Asian stocks up ahead of inflation tests

Asian stocks up ahead of inflation tests
Asian stocks up ahead of inflation tests

Asian stocks edged higher on Monday as investors braced for a data-heavy week that culminates with a key U.S. inflation report that could pave the way for a cut in interest rates there, even if not for several months.

Public holidays in the United States and the United Kingdom made trading difficult ahead of Friday’s figures on core personal consumption expenditures (PCE), the Federal Reserve’s preferred measure of inflation. Median forecasts call for an increase of 0.3% in April, which would keep the annual pace at 2.8%, with downside risks.

“Consumer and producer price data suggest that core PCE inflation lost momentum in April, after a strong start to the year. Indeed, we expect the core index to rise by 0.22% m/m versus 0.32% in March and an initial estimate of 0.25%,” TD Securities analysts said in a note.

“We also expect the main index to increase by 0.23% from March, while the benchmark index will likely shrink to 0.26%.
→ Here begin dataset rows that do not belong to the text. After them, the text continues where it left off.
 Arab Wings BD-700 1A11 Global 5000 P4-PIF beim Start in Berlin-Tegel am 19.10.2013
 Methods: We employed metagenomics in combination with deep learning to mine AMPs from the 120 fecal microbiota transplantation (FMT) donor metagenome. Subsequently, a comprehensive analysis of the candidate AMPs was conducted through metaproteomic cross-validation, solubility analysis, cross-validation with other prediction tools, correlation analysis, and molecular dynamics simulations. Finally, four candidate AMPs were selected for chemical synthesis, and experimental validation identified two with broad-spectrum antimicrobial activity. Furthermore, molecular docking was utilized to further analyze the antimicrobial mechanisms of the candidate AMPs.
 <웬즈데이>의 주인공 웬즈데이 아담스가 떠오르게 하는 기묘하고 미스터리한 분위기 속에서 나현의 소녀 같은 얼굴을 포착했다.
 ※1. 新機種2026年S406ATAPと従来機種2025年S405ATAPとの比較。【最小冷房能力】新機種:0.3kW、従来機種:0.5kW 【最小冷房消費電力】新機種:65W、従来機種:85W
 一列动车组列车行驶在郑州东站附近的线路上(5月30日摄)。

Euro zone inflation figures are also due on Friday and an expected rise to 2.5% should not prevent the European Central Bank from easing policy next week.

Policymakers Piero Cipollone and Fabio Panetta both indicated an upcoming cut over the weekend, while markets imply an 88% chance of an easing to 3.75% on June 6.
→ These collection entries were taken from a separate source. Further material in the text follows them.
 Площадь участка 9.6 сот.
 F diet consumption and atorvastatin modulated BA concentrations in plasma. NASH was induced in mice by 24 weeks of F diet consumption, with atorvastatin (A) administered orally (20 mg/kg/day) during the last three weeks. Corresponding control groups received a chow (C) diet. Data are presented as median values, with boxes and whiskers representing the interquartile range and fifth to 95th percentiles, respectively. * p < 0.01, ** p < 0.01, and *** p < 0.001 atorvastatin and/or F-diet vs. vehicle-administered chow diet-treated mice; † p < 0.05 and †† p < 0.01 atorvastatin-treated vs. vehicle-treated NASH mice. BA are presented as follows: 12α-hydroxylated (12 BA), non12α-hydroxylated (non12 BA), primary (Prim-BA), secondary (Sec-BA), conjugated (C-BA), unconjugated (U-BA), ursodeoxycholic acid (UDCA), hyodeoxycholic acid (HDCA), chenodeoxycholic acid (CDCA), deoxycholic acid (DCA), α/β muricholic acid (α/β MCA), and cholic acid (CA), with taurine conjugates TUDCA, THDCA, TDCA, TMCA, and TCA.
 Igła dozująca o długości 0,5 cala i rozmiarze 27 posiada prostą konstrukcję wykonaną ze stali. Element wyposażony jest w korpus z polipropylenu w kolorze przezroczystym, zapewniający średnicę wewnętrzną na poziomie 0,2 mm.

The Bank of Canada could also ease policy next week, while the Fed would wait until September to take its first steps.

At least eight Fed officials are scheduled to speak this week, including twice the influential New York Fed Director John Williams.
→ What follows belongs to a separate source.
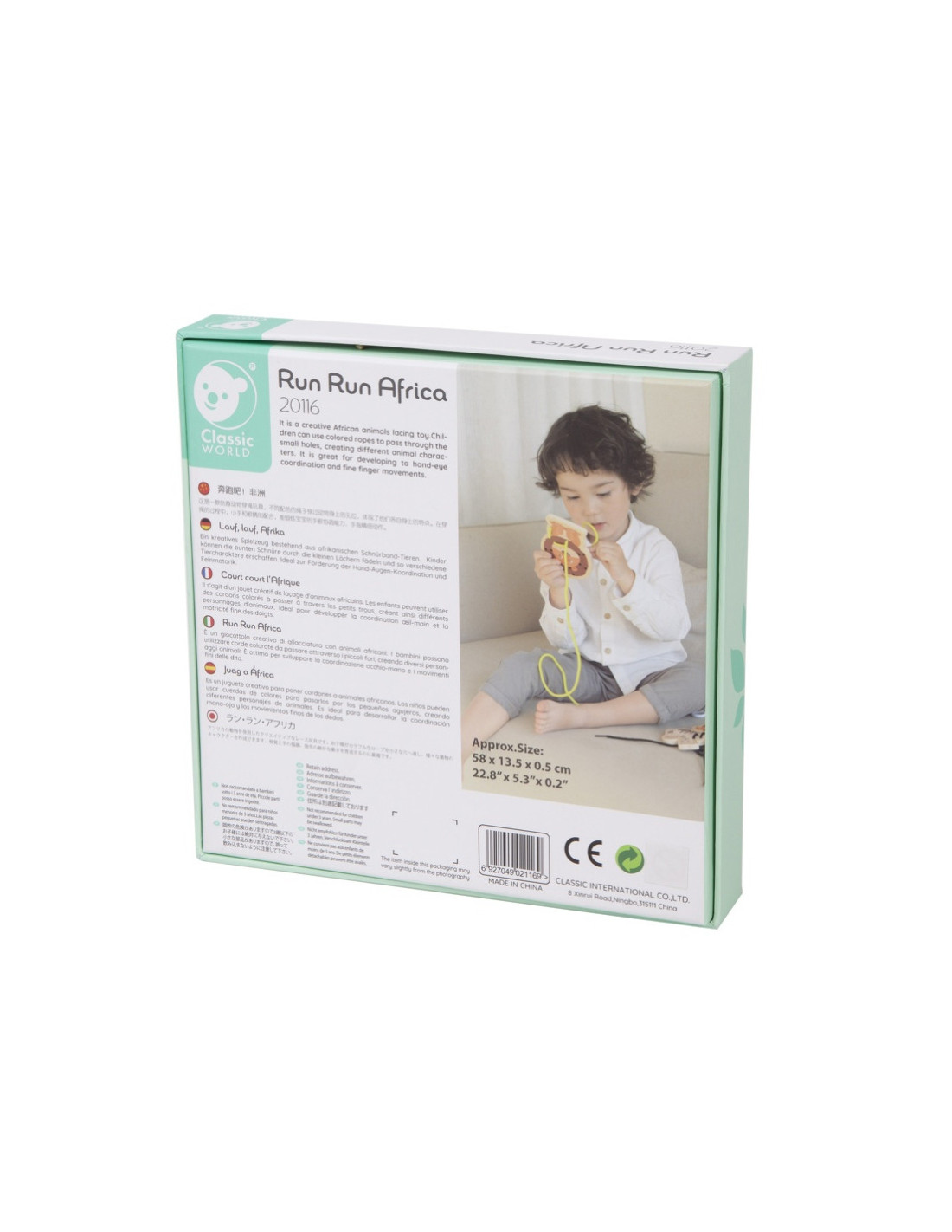The CLASSIC WORLD Wooden Shoelace Animal is an excellent wooden teaching aid. It will help children learn how to use a shoelace properly. Through play, they'll discover how easy and enjoyable it is. The shoelace also develops manual and visual dexterity skills.

The head and deputy head of the Bank of Japan will speak later on Monday, along with the ECB’s chief economist. The BOJ will hold its policy meeting on June 14 and it is possible that it will deviate from the global trend and raise rates again, albeit at a modest level of 0.15%.

The prospect of lower borrowing costs across most of the world has been positive for stocks and commodities, although many markets suffered profit-taking last week.

MSCI’s broadest index of Asia-Pacific shares outside Japan firmed 0.1%, after sliding 1.5% last week and moving away from a two-year peak .

Japan’s Nikkei rose 0.3%, ahead of the release of consumer prices in Tokyo later in the week.

S&P 500 futures were flat, while Nasdaq futures fell 0.1% after hitting record highs last week following Nvidia’s earnings release that beat expectations.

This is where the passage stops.